DIRECTIONS FOR THIS TASK –
Of the entries below, restate word for word only the section that runs from the line with "Ensuite, ignorez les" to the line with "Beautifully updated home", counting both ends.

EXTRACTED DATA –
"""
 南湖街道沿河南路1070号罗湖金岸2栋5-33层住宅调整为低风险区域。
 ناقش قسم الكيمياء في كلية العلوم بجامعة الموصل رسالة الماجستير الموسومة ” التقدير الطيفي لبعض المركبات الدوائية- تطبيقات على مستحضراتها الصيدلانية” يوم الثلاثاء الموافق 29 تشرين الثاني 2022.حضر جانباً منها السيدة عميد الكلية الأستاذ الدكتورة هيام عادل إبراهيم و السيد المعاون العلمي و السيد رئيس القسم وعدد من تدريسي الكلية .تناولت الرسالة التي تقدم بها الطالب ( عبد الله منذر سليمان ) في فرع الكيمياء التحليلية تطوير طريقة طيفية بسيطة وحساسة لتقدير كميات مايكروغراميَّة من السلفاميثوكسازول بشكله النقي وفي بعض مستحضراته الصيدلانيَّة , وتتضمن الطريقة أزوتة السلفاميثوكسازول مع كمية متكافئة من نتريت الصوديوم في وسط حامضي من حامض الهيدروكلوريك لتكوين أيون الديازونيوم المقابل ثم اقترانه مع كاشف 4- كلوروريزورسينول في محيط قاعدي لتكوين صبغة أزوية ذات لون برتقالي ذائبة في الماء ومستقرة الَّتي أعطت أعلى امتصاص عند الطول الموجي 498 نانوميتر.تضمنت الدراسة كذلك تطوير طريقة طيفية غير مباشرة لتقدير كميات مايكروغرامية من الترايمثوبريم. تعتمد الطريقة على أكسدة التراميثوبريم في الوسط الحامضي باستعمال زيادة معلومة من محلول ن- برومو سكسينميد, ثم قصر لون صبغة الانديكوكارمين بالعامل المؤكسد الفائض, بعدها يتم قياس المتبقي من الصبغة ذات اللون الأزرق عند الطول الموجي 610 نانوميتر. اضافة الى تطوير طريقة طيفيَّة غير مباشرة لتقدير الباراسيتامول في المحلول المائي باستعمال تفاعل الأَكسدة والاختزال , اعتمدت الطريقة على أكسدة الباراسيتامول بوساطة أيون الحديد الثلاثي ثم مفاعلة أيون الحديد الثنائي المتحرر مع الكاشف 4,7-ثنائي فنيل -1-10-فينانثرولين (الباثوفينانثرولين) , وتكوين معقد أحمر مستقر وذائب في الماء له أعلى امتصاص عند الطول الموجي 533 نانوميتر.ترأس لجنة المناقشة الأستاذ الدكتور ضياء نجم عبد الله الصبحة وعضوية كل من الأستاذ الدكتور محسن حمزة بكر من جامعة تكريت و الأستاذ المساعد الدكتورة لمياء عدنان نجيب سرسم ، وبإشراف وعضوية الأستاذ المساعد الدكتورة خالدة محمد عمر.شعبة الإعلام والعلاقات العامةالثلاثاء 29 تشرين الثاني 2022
"""
"""
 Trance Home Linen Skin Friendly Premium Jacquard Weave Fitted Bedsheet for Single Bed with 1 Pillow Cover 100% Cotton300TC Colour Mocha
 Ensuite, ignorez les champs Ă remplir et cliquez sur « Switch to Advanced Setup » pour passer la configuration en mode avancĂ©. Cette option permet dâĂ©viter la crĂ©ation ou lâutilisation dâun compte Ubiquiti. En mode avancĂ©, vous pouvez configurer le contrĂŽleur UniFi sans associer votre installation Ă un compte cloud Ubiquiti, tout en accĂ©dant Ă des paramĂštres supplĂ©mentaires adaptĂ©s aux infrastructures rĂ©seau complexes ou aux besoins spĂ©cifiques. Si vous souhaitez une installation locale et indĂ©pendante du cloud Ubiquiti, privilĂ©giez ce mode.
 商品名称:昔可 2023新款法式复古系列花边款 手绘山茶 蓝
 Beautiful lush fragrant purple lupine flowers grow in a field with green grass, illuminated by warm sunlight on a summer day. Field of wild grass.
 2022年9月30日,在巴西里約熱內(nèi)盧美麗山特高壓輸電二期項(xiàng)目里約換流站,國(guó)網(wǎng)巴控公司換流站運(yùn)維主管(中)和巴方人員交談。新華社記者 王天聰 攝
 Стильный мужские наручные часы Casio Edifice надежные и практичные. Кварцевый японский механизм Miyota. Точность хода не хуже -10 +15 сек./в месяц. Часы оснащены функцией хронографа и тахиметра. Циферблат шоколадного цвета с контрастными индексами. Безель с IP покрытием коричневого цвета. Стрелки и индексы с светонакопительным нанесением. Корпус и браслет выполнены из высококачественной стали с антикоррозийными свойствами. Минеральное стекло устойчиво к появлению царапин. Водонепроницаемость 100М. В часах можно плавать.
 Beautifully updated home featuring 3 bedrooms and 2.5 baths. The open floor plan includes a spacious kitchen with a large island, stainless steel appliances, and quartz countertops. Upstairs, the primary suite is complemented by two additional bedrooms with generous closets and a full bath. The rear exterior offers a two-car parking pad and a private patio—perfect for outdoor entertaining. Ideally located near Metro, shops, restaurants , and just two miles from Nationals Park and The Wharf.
"""
THE ANSWER –
 Ensuite, ignorez les champs Ă remplir et cliquez sur « Switch to Advanced Setup » pour passer la configuration en mode avancĂ©. Cette option permet dâĂ©viter la crĂ©ation ou lâutilisation dâun compte Ubiquiti. En mode avancĂ©, vous pouvez configurer le contrĂŽleur UniFi sans associer votre installation Ă un compte cloud Ubiquiti, tout en accĂ©dant Ă des paramĂštres supplĂ©mentaires adaptĂ©s aux infrastructures rĂ©seau complexes ou aux besoins spĂ©cifiques. Si vous souhaitez une installation locale et indĂ©pendante du cloud Ubiquiti, privilĂ©giez ce mode.
 商品名称:昔可 2023新款法式复古系列花边款 手绘山茶 蓝
 Beautiful lush fragrant purple lupine flowers grow in a field with green grass, illuminated by warm sunlight on a summer day. Field of wild grass.
 2022年9月30日,在巴西里約熱內(nèi)盧美麗山特高壓輸電二期項(xiàng)目里約換流站,國(guó)網(wǎng)巴控公司換流站運(yùn)維主管(中)和巴方人員交談。新華社記者 王天聰 攝
 Стильный мужские наручные часы Casio Edifice надежные и практичные. Кварцевый японский механизм Miyota. Точность хода не хуже -10 +15 сек./в месяц. Часы оснащены функцией хронографа и тахиметра. Циферблат шоколадного цвета с контрастными индексами. Безель с IP покрытием коричневого цвета. Стрелки и индексы с светонакопительным нанесением. Корпус и браслет выполнены из высококачественной стали с антикоррозийными свойствами. Минеральное стекло устойчиво к появлению царапин. Водонепроницаемость 100М. В часах можно плавать.
 Beautifully updated home featuring 3 bedrooms and 2.5 baths. The open floor plan includes a spacious kitchen with a large island, stainless steel appliances, and quartz countertops. Upstairs, the primary suite is complemented by two additional bedrooms with generous closets and a full bath. The rear exterior offers a two-car parking pad and a private patio—perfect for outdoor entertaining. Ideally located near Metro, shops, restaurants , and just two miles from Nationals Park and The Wharf.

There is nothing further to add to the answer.